(What the task requires) Please restate word for word all lines from the one containing "Beim ADFC-Stand wird" to the final line of the entries, and include no pictures.

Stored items
---*---

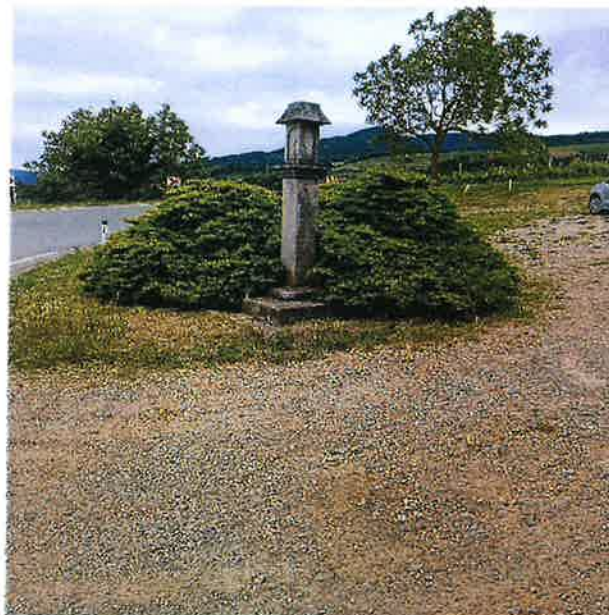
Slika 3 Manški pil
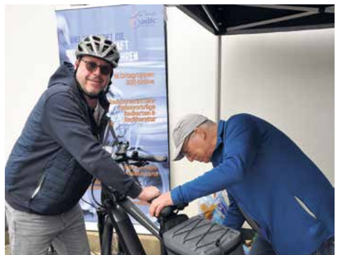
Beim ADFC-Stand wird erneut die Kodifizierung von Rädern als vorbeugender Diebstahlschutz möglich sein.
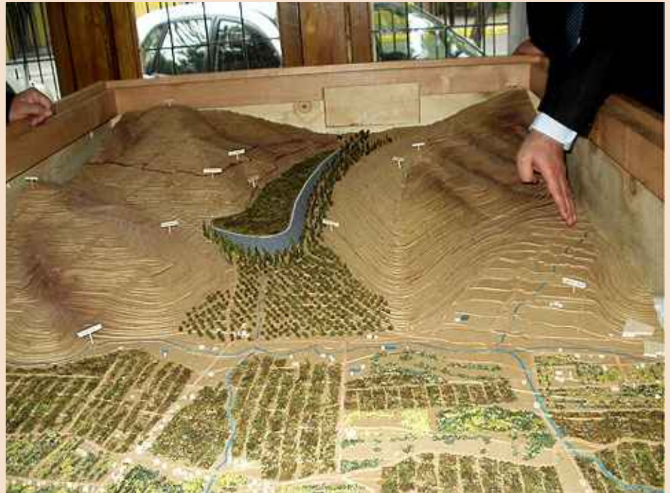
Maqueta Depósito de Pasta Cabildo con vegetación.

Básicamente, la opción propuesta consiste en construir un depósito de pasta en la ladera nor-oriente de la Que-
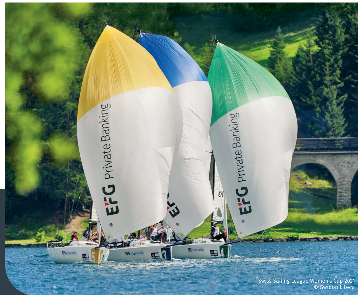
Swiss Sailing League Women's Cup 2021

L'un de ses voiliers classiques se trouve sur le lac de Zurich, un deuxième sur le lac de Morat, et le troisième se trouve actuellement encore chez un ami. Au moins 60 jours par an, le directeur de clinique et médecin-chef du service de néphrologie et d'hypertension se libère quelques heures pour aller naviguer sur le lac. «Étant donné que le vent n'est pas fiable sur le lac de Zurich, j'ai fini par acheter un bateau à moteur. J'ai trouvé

---*---

(Finished exercise)
Beim ADFC-Stand wird erneut die Kodifizierung von Rädern als vorbeugender Diebstahlschutz möglich sein.
Maqueta Depósito de Pasta Cabildo con vegetación.

Básicamente, la opción propuesta consiste en construir un depósito de pasta en la ladera nor-oriente de la Que-
Swiss Sailing League Women's Cup 2021

L'un de ses voiliers classiques se trouve sur le lac de Zurich, un deuxième sur le lac de Morat, et le troisième se trouve actuellement encore chez un ami. Au moins 60 jours par an, le directeur de clinique et médecin-chef du service de néphrologie et d'hypertension se libère quelques heures pour aller naviguer sur le lac. «Étant donné que le vent n'est pas fiable sur le lac de Zurich, j'ai fini par acheter un bateau à moteur. J'ai trouvé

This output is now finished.